Francesco Di Fiore performs Prologue and Action 1 from Quiet Rhythms in a film by Valeria Di Matteo.

I loved it so much, and was immediately taken by the beautiful ringing tones and thought how marvelous it would sound on vibraphones and marimbas. I asked Bill if I could arrange it for a keyboard quartet of 2 vibes and 2 marimbas, and he was on board!  I stayed up all night and arranged “Action” and sent it to Bill in the morning. He came back with excellent suggestions, and I let the arrangement sit for a good while.

When Bill came to Reinhardt to hear the Percussion Ensemble premiere Material Rhythms, he gave me the bound score of Quiet Rhythms, Book I. Once I had that, I was able to truly start translating the piano score into a living breathing keyboard quartet. Taking apart the notes and rhythms in each hand, sometimes keeping them the same and sometimes rearranging them,  and fitting them in creative ways to the range and tone of the keyboards was a lot of fun and a new experience for me.

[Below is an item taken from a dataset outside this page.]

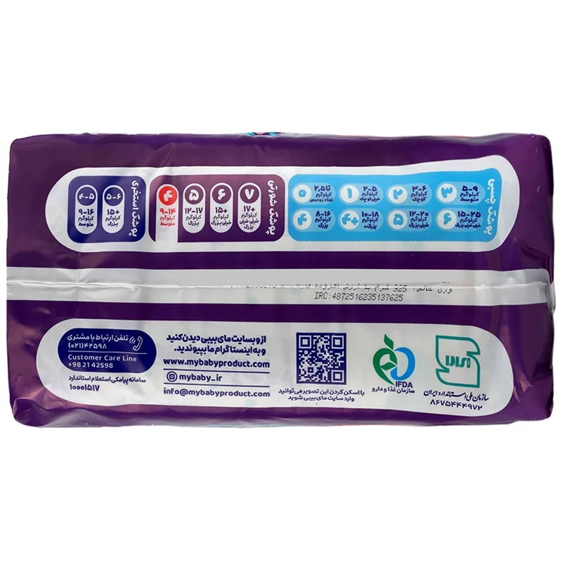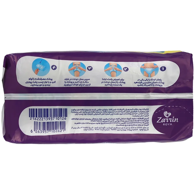 پاهای کودک را یکی یکی در پوشک شورتی مایبیبی قرار دهید و پوشک را تا کمر بالا بکشید. برای تعویض راحت، ابتدا پوشک را از محل دوخت در یک سمت پاره کنید.سپس محل دوخت در طرف دیگر را پاره کنید و پوشک را از بین دو پای کودک دربیاورید.پوشک مصرفشده را لوله کنید و بانوارچسب پشت پوشک را ببندید و دور بیندازید.
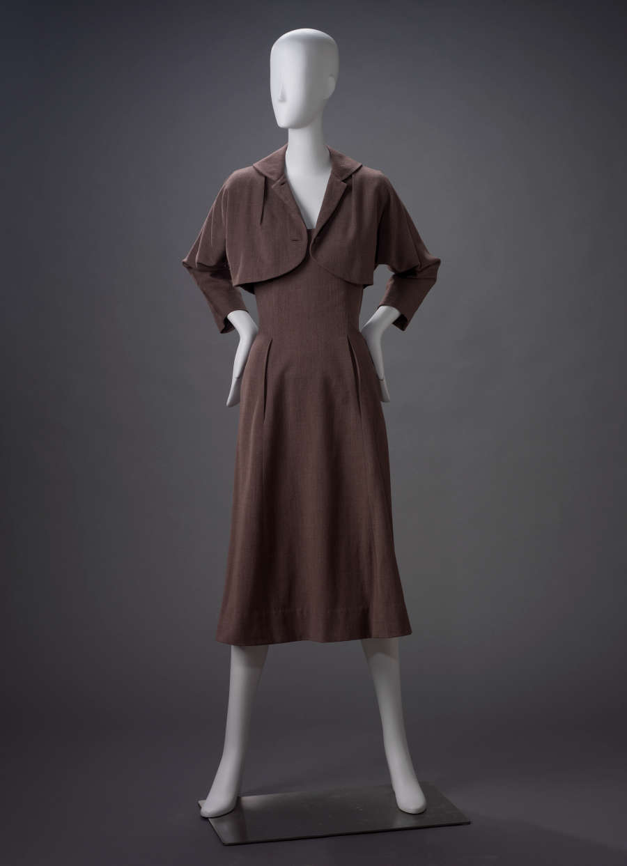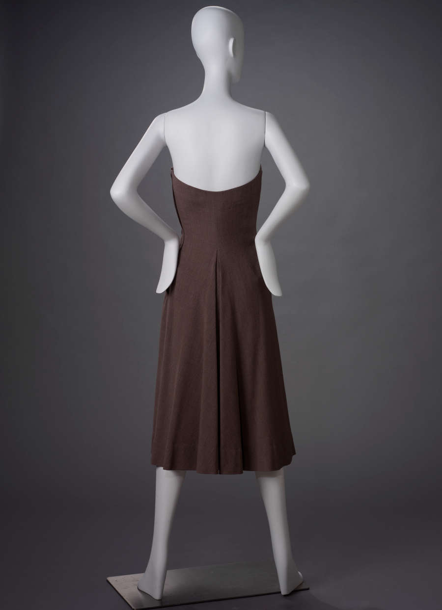 Light brown wool strapless dress with coordinate jacket, ca. 1950

Turns out this solo piano music fits beautifully and naturally on marimba and vibes. Since it is less Right-Hand/Left-Hand and more Hands-Working-Together, it is physically familiar for percussionists to play.

Prologue 1

Prologue 1 (excerpt) from Quiet Rhythms for piano

“Prologue 1” starts with ascending and descending 16ths, and introduces the hand-to-hand clavé.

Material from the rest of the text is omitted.